One of the crappy things about my job is that I don’t always know when I am doing well, that is being a good mother. In some situations good mothering feels like bad, for example, when you are required to peel off a sobbing Kindergartner, hand her to an aide and gently shut the classroom door on both of them. Walking down the hall you might tell yourself that it’s Monday, the child is: tired, missing her dad and still processing yesterday’s frosting fest. You may recall how you lovingly tucked her in the night before and then got her up and going, jollying her through all the morning preparations. You might even remind yourself of how strong willed this child is and that she doesn’t need the message if she whines and cries loud enough and drags her feet long enough, she will get her way. But none of this will keep you from bursting into tears when you get into your car to drive home. Or at least it didn’t keep me.

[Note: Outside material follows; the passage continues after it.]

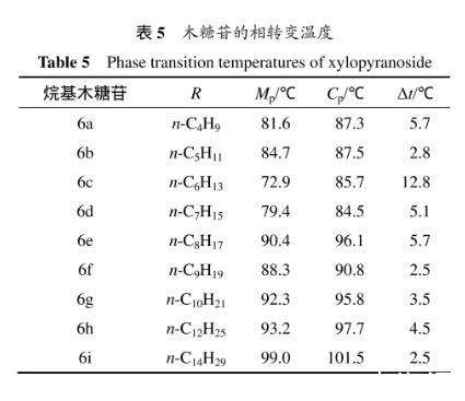 具有液晶特征的化合物因加熱而呈現(xiàn)所謂的“雙熔融轉(zhuǎn)變”的相變現(xiàn)象,當(dāng)加熱達(dá)到其熔點(diǎn)(p)時(shí),結(jié)晶性的固態(tài)首先轉(zhuǎn)變成半透明的液晶態(tài),接著在較高的溫度(p)下轉(zhuǎn)變成各向同性的清亮的液態(tài)。表5所示為木糖苷的相轉(zhuǎn)變溫度。從表5可見:烷基-β-D-吡喃木糖苷屬于一頭一尾(one head one tail)或一頭組一鏈(one head group-one chain)且呈現(xiàn)多態(tài)性的雙親吡喃糖苷分子,在加熱時(shí)其相變發(fā)生在相對(duì)較小的溫度區(qū)間,但都出現(xiàn)了液晶相,且當(dāng)疏水性烷基碳鏈長度為6時(shí),烷基-β-D-吡喃木糖苷相變溫度之差(Δ)較大,其他的都比較接近。在木糖苷中,烷基有助于提升分子取向的穩(wěn)定性,且這種穩(wěn)定性對(duì)液晶相的生成是必要的。但由于烷基-β-D-吡喃木糖苷為環(huán)狀的糖苷只有3個(gè)游離羥基,比烷基--D-吡喃葡萄糖苷少了親水性頭部的糖環(huán)上的羥甲基,也比木糖醇的十二烷基單醚少了1個(gè)游離的羥基,清亮點(diǎn)p不高,所以,得到的烷基-β-D-吡喃木糖苷具有液晶相,但相變溫度范圍(?=p?p)較窄,液晶相的穩(wěn)定性較弱。

I am tired too and sick. I’m reminding myself of all the reasons why this is especially hard for me today as well. And I’m praying.
UPDATE: In the heat of the moment I promised to come to school for lunch. It didn’t help the situation, but I had to follow through, whether or not she remembered. Christopher and I got there early and sat at the end of her class’ table. She sailed in with her class, gave us both a hug and then went and sat between a couple of her friends on the other end of the table. I chatted with the aide who told me that Eden accompanied her to the office with attendance and after that she was fine. When it was time to go to recess, she started wrapping around me again, but managed to divest myself with no tears from her or me.